We found a clear dominance of spa-CC 084 among isolates from infection (Fig 1). This spa-CC usually belongs to the multilocus sequence type (ST) clonal complex CC15 commonly isolated in sub-Saharan Africa (e.g. Cameroon, Gabon, Madagascar, Nigeria, Niger, Senegal) [26-28]. Our finding is in contrast to a study from Gabon which did not show a significant association of ST15 with disease [6]. One reason for this conflicting results could be that we analysed more isolates from superficial infection (e.g. respiratory and urinary tract infection, vaginitis) while isolates from invasive infections (e.g. bloodstream infections, pyomyositis) were more dominant in the Gabonese study [6].

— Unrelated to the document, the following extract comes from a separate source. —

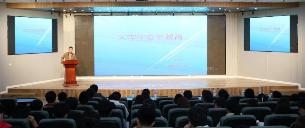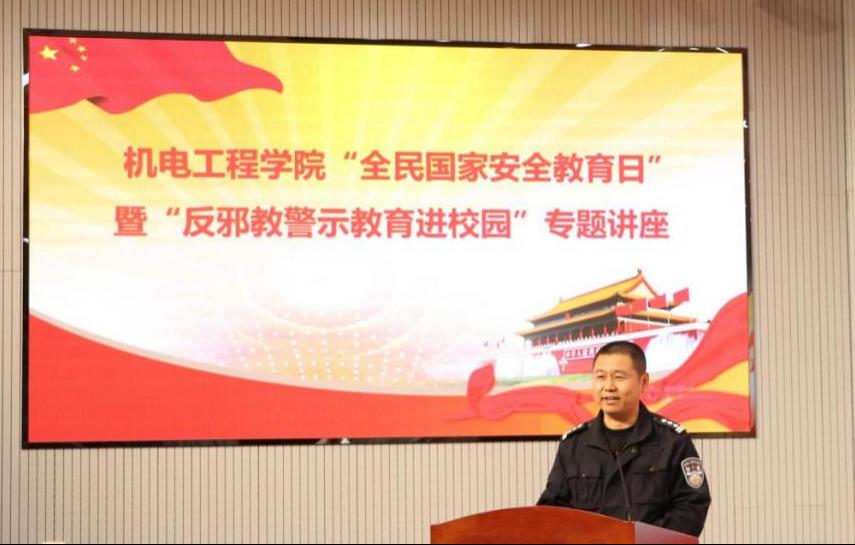 在D3楼530会议室举行全民国家安全教育日主题教育暨反邪教警示教育进校园专题讲座。青岛市崂山区公安局反恐大队队长辛华忠、学校保卫处副处长严增兴、学院党委副书记兼副院长肖强以及学院师生代表180名参加活动。
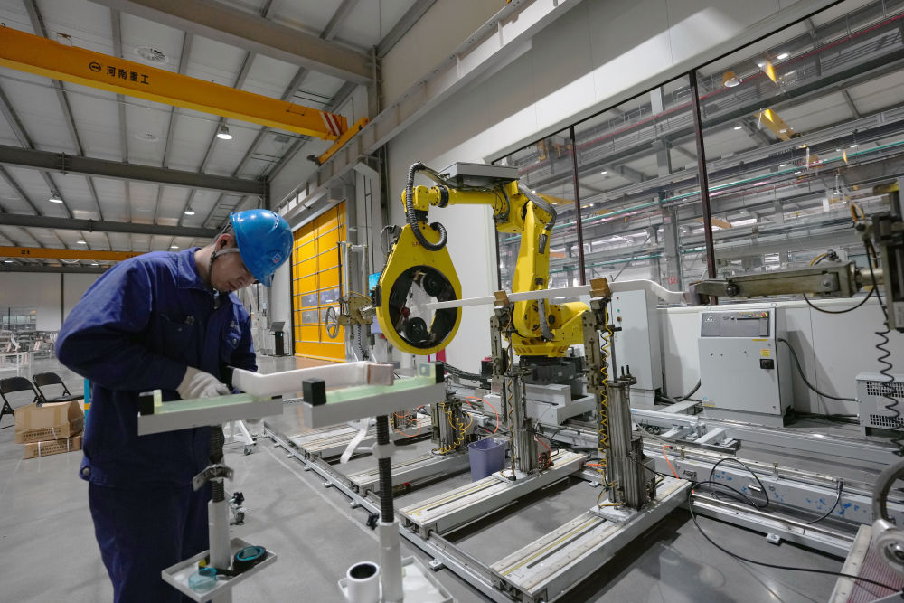 2月26日,在哈爾濱電機廠有限責任公司線圈分廠智能制造車間,工人與智能設備在進行協同加工生產作業(yè)。新華社記者 王松 攝

Although our analyses provide important information on the differences in antimicrobial resistance, selected virulence factors and genotypes between isolates from infection and colonization, few limitations need to be addressed. Firstly, our study might not be representative for the whole study region as we only included a small proportion of carrier isolates. In addition, clinical isolates were only collected at healthcare centres which may not be representative of the community. Secondly, some S. aureus were isolated from patients with vaginitis according to the physician’s judgment. However, it has to be emphasized that even though S. aureus can be found within the vaginal microbiota and it is usually not a typical pathogen causing vaginal infections (except e.g. from abscesses). Therefore, there could remain a risk that these isolates were rather colonizing than infecting isolates.

In conclusion, PVL positive isolates are more frequently detected among isolates from infection compared to carriage and are associated with spa-CC 084.